Stock cars on the Winston Cup circuit already are plastered with stickers and decals advertising everything from cereal to furniture. Howard Hobbs wants to add another sticker.
Howard, 42, of Garner, N.C., has Parkinson's disease and is trying to find ways to publicize a toll-free number by which contributions can be made to Cure for Parkinson's Disease, a foundation that sponsors research on the degenerative brain disorder.
"We're hoping that by getting this exposure, we might have some more success," Hobbs said. "We've talked to a lot of teams. The seed has been sown."
Drivers and teams are known for helping disabled children, hospitals, religious organizations and foundations. For instance, Jeff Gordon put a sticker on the dashboard of his car for on-board cameras to advertise a toll-free number for donating bone marrow.
Hobbs is traveling garage to garage seeking sponsors. Last month, he drove to Talladega Superspeedway in Alabama to talk with drivers.
Hobbs and Ben McSwiney, a retired corporate executive from Raleigh, N.C., who also has Parkinson's, has been working with Hobbs on the project. So far, the men have persuaded Geoffrey Bodine to put the 1-877-CURE-4-PD number, albeit in a tiny sticker, on his No. 60 Chevrolet.
Ronaldo Is Out
Ronaldo will end his season the way he started it: sidelined.
The Internazionale of Milan striker aggravated a left thigh injury and will miss today's game against Bologna, the second leg of a playoff for a UEFA Cup spot. The Brazilian hurt himself during Thursday's first leg, which Internazionale of Milan lost, 2-1.
Ronaldo, a two-time FIFA world player of the year, has been in and out of the lineup all season, mostly because of knee problems. He also missed Inter's first game of the season because of a suspension. . . .
Wendy Gebauer became the first woman to play in a regular men's outdoor pro soccer league game in the United States in the Raleigh Capital Express's 3-0 loss to Boston Friday night.
Gebauer, a former U.S. national team forward, played the first 17 minutes of the second-division A-League match.
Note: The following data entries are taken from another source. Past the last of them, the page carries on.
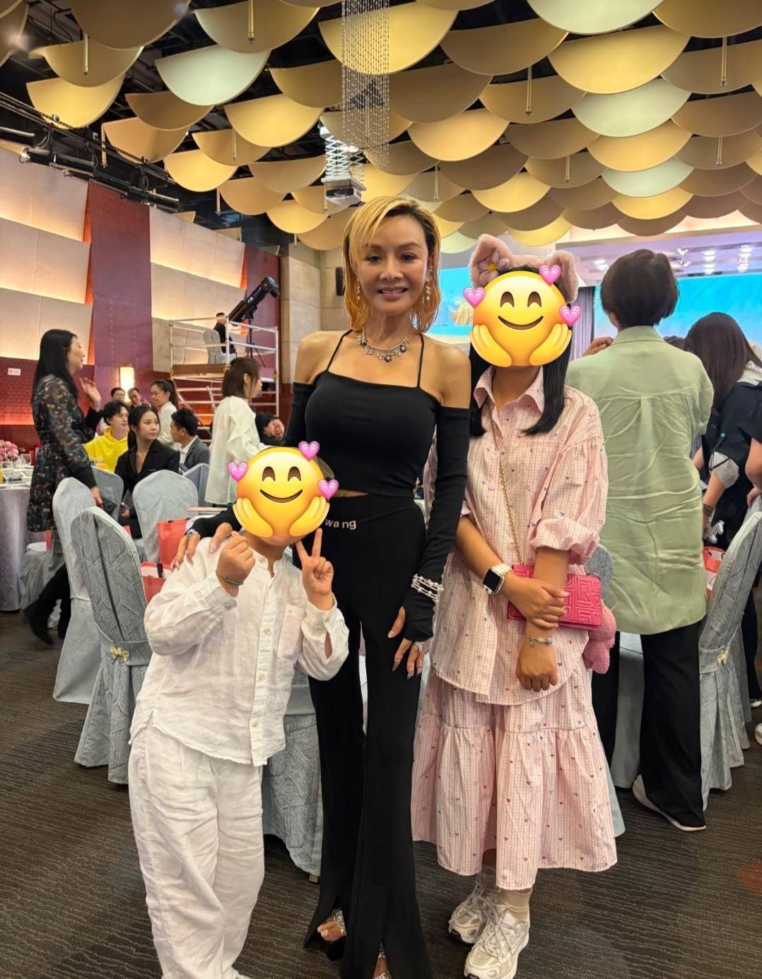 与温碧霞同岁的叶子楣则以黑色装亮相,同样保养得很好。看她的脸和身形,哪看得出是即将年过六旬的人呢。
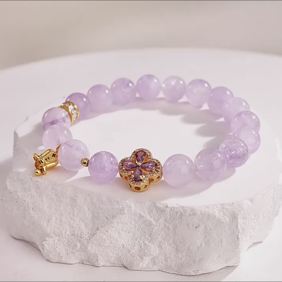 Crafted with Lavender Amethyst, our Lucky Clover Amethyst Bracelet is more than beautiful a beautiful bracelet, it’s energetic grace in wearable form that brings in calmness and intuition.
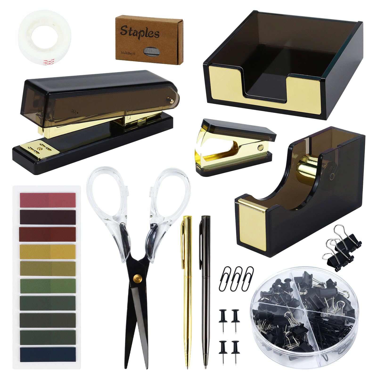Buqoo Black Acrylic Sticky Notes Holder Stapler and Tape Dispenser Cutter with Staple Remover, Sticky Notes, Paper Clips, Scissor, Ballpoint Pen for|Office Supplies
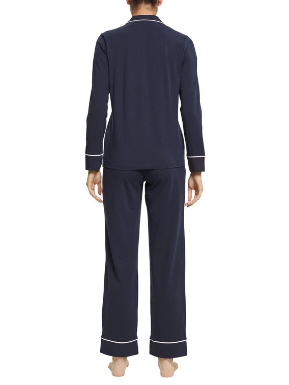 Unifarbener Pyjama aus der Serie “Basic” von ESPRIT. Ein hochwertiger Pyjama im figurumspielenden Schnitt mit Reverskragen und fablich abgesetzter Paspellierung. Dank hautschmeichelnder Baumwolle mit geringem Elasthan-Anteil schmiegt sich das Material sanft und angenehm an den Körper an und sorgt so für höchsten Tragekomfort.
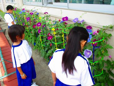 土曜日と日曜日のお休みの間に、1年生全員のあさがおがきれいに咲きました!
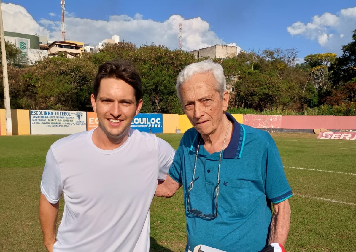 Ex narrador Jesus Geraldo de Oliveira da Radio Santa Cruz de Pará de Minas é homenageado no amistoso de veteranos, entre Guarani e Rio Branco, no 166º aniversário de Pará de Minas.
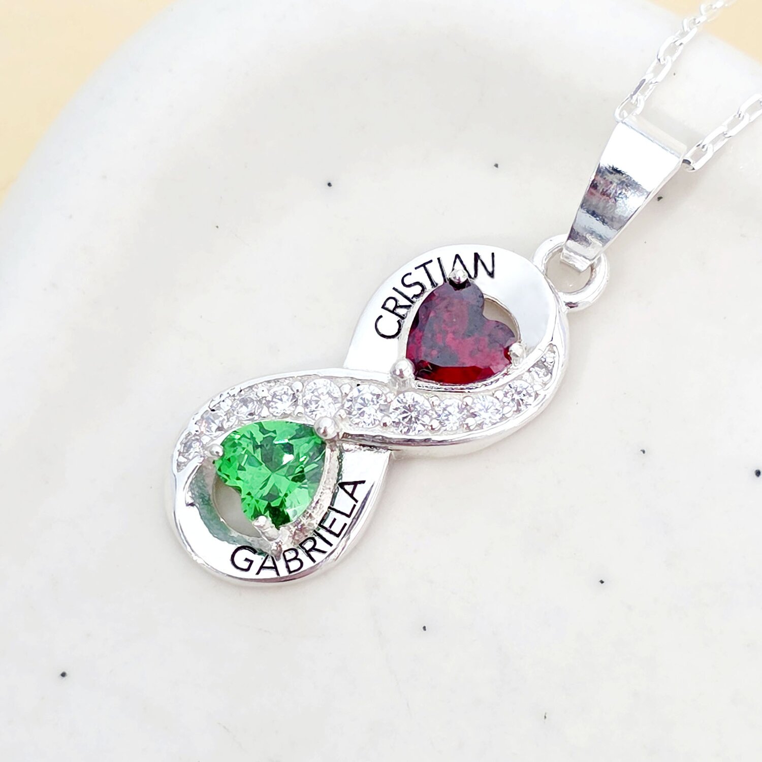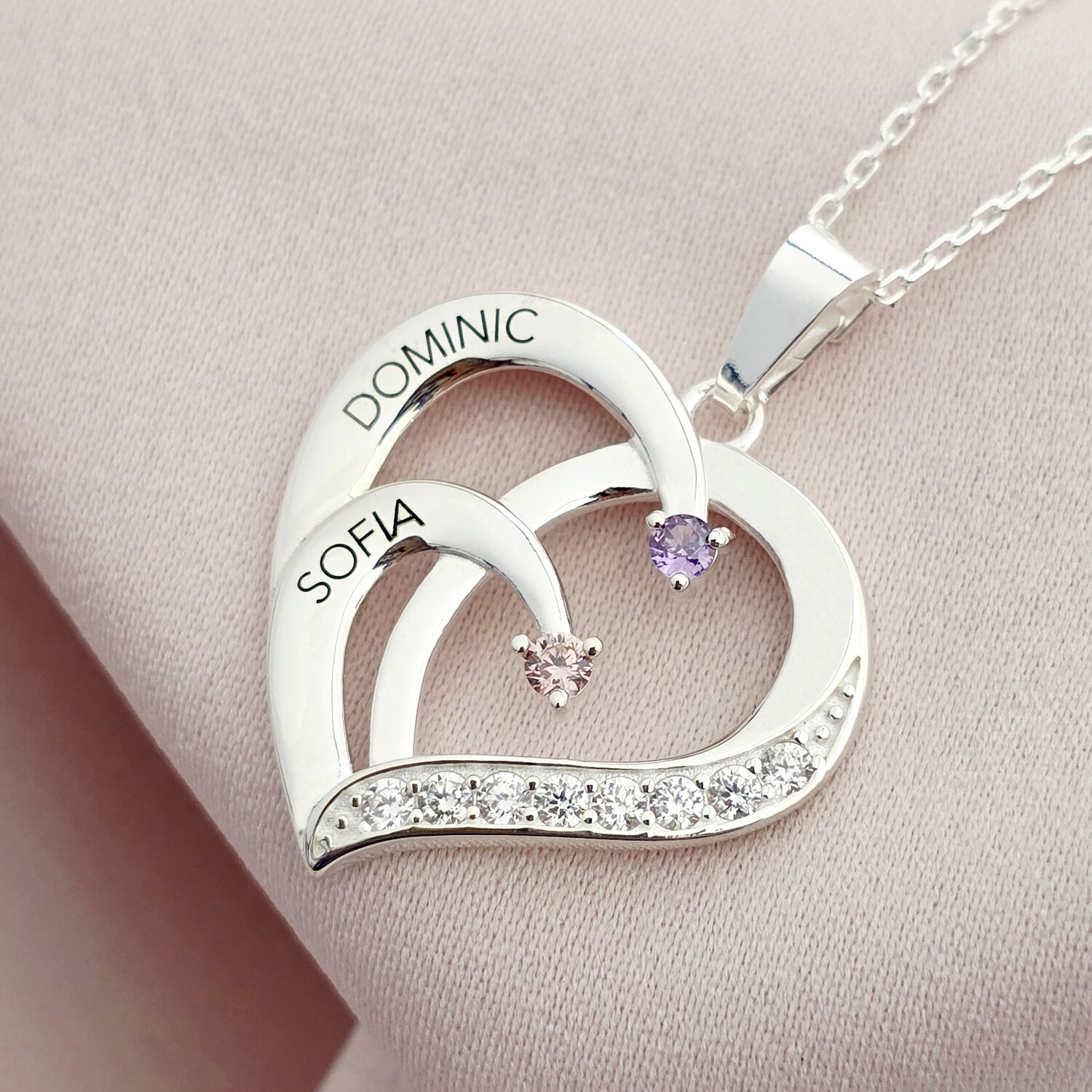 Lantisor Inima cu Poveste - 2 nume si Cristale Zirconia - Argint 925
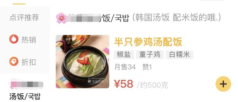 另外一个规格是,参鸡汤*2+大酱汤+泡菜汤,拼团价99元。
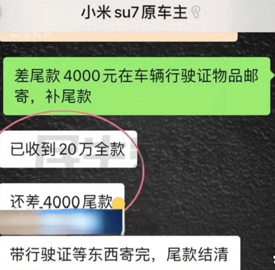 据小莉帮忙报道,河南郑州弓先生在9月7日通过网络平台得知有人出售二手小米SU7,随即决定前往河北石家庄进行购买,并支付了205000元的购车款项。
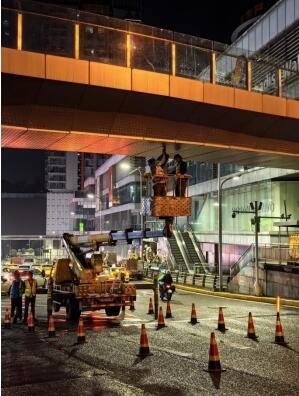 天橋位于商業(yè)區(qū),天橋上下人流、車(chē)流量較大,且天橋外側(cè)加裝了鋁板裝飾層,無(wú)形中為現(xiàn)場(chǎng)檢測(cè)工作帶來(lái)了難度。為盡快完成本次檢測(cè),同時(shí)減少現(xiàn)場(chǎng)檢測(cè)工作給游客及交通帶來(lái)的影響,本次檢測(cè)選擇在夜晚進(jìn)行。我司組織了在檢測(cè)、鑒定領(lǐng)域具有豐富經(jīng)驗(yàn)的專(zhuān)家及檢測(cè)人員進(jìn)駐現(xiàn)場(chǎng),在最短時(shí)間完成了檢測(cè)方案編寫(xiě)、天橋計(jì)算分析、交通占道方案審批、現(xiàn)場(chǎng)檢測(cè)工作準(zhǔn)備以及橋梁外觀(guān)檢查、靜載和動(dòng)載試驗(yàn)以及欄桿推力試驗(yàn),圓滿(mǎn)完成檢測(cè)任務(wù),為天橋結(jié)構(gòu)的安全提供了有力的技術(shù)保障,為橋上打卡游客的人身安全保駕護(hù)航。
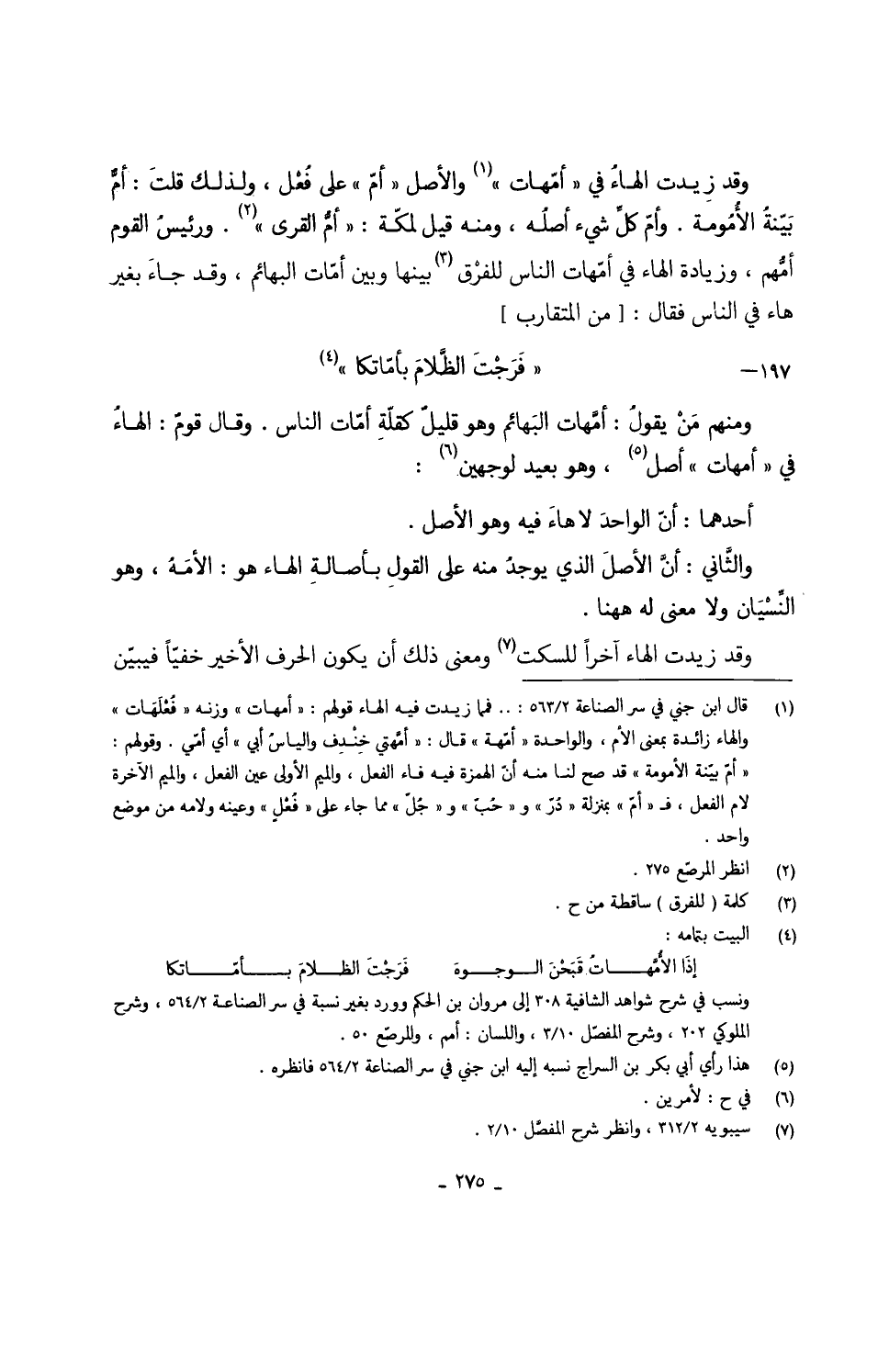 وَقد زِيدت الهاءُ فِي أمّهات وَالْأَصْل أمّ على فُعْل وَلذَلِك قلتَ أمٍّ بَيّنةُ الأُمُومة وأمّ كلٍّ شيئ أصلُه وَمِنْه قيل لمكّة أمُّ الْقرى ورئيسُ الْقَوْم أمُّهم وَزِيَادَة الْهَاء فِي أمّهات النَّاس للفرْق بَينهَا وَبَين أمّات الْبَهَائِم وَقد جاءَ بِغَيْر هَاء فِي النَّاس فَقَالَ من // المتقارب // ( ... فَرَجْتَ الظَّلامَ بأمّاتكا)
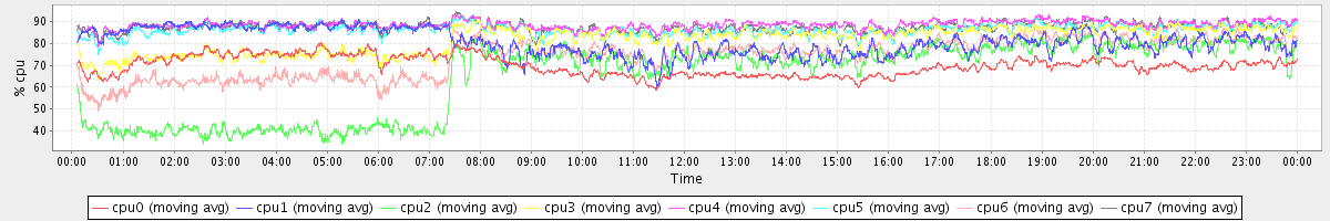 avg(cpu0) = 69.88 avg(cpu1) = 80.78 avg(cpu2) = 64.73 avg(cpu3) = 81.78 avg(cpu4) = 88.67 avg(cpu5) = 86.43 avg(cpu6) = 74.05 avg(cpu7) = 87.43
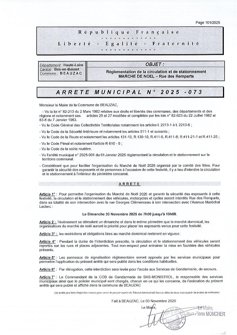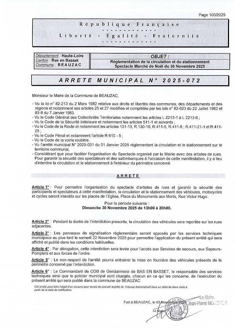 đ CIRCULATION & STATIONNEMENT DANS LE BOURG - 30 NOVEMBRE
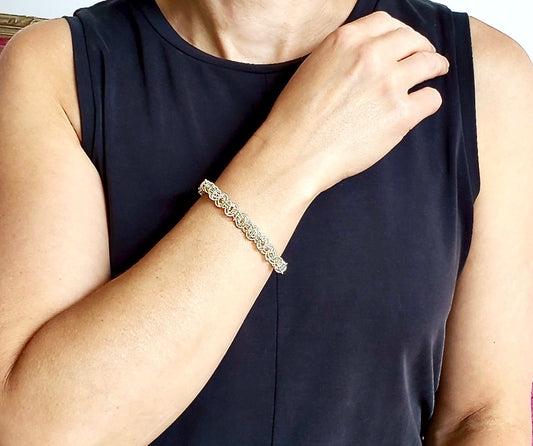 8" Handcrafted 925 Sterling Silver Frilly Bracelet with Crystal-Studded Toggle Clasp
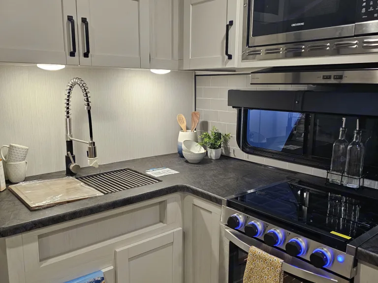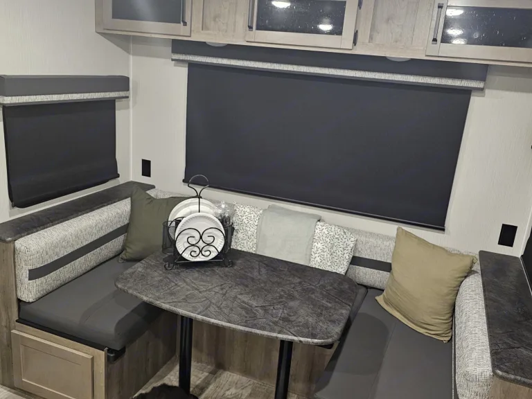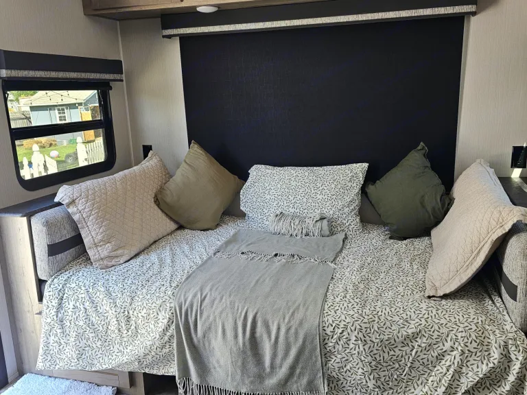 Brand new trailer. Many amenities. Furnished for cooking, including an outdoor grill and outdoor shower, lots of storage.This rig has all the things you would want in an overnight stay. 50Amp Service, 2 high output A/C Units, Large tanks, Dual 20lb Propane tanks, a beautiful awning with lighting, nearly kitchen size refrigerator and freezer, Double Sink with Sprayer nozzle, 2 Large Recliners, Outdoor Speakers and Shower, Outdoor Grill, Heavy duty hitch with Sway Bars, Large Shower with convenience seating, 2 Entrances with easy-lift stairs, Skylight with Exhaust Fan in bathroom, lots of storage spaces. We can offer an Inflatable Bed if you want to have extra kiddos on the floor, etc.

Gebauer, who played for the Raleigh Wings women's team in Wednesday's 2-1 loss to the Brazilian World Cup team, had limited touches but nearly assisted on an early scoring chance, finding Darren Warham. Warham's shot went just wide.
"It was a lot of fun being out there," said Gebauer, who admitted the appearance was little more than a publicity stunt. "It felt good when I got my first touch on the ball. I had realistic expectations and I knew I couldn't play as sophisticated as they do." . . .
Bordeaux edged Olympique Marseille for the French championship by one point on a dramatic final day of the season. Needing a victory after Marseille defeated French Cup winner Nantes, 1-0, Bordeaux got a goal from substitute Pascal Feindouno in the final minute to defeat Paris St. Germain, 3-2. It is Bordeaux's first title since 1987.
Tour of Italy
Marco Pantani's climbing skills put him back in the Tour of Italy's pink jersey yesterday after the 14th stage.
Pantani, the defending champion, placed second behind Paolo Savoldelli in the 116-mile mountainous leg into northwestern Italy.
France's Laurent Jalabert, who led Pantani by four seconds in the overall standings heading into the 14th stage, finished with the main group more than three minutes behind Savoldelli.
Jalabert's slow finish allowed Pantani to take the overall lead. He leads countryman Savoldelli by 53 seconds with eight stages remaining.
Track and Field
Maurice Greene gets that tingling feeling when he's working in front of large crowds, and he expects that emotional rush to return today at the Prefontaine Classic.
The fans at the University of Oregon's Hayward Field are among track and field's most knowledgeable and enthusiastic and they went wild for Greene last year, when he won the 100 and 200 meters with spectacular times--9.79 seconds in the 100 and 19.88 in the 200.
Greene will attempt a sprint double repeat, but this time he won't have to face Olympic gold medalist and world record-holder Michael Johnson, who is running the 400.
Greene and Johnson, along with women's sprint sensation Marion Jones (competing in the 200) and the distance runners--always big favorites at Hayward Field--are the main draws in the IAAF Grand Prix meet, which has attracted sellouts of 13,100 the last four years.
Greene will return to the scene of another 1998 triumph next week when he competes at the TFA Pro Championships in Uniondale, N.Y. He won the 100 last year at the Goodwill Games and will run the 200 against Johnson.
Behrens Wins in Burst
Behrens made a powerful move coming off the final turn to beat Running Stag by a half length to win the $600,000 Grade II Massachusetts Handicap at Suffolk Downs. Real Quiet, winner of the 1998 Kentucky Derby and Preakness Stakes, finished third.
CAPTION: Italy's Paolo Savoldelli clinches 116-mile, mountainous 14th leg of Tour of Italy. Countryman Marco Pantani finished second and took overall lead.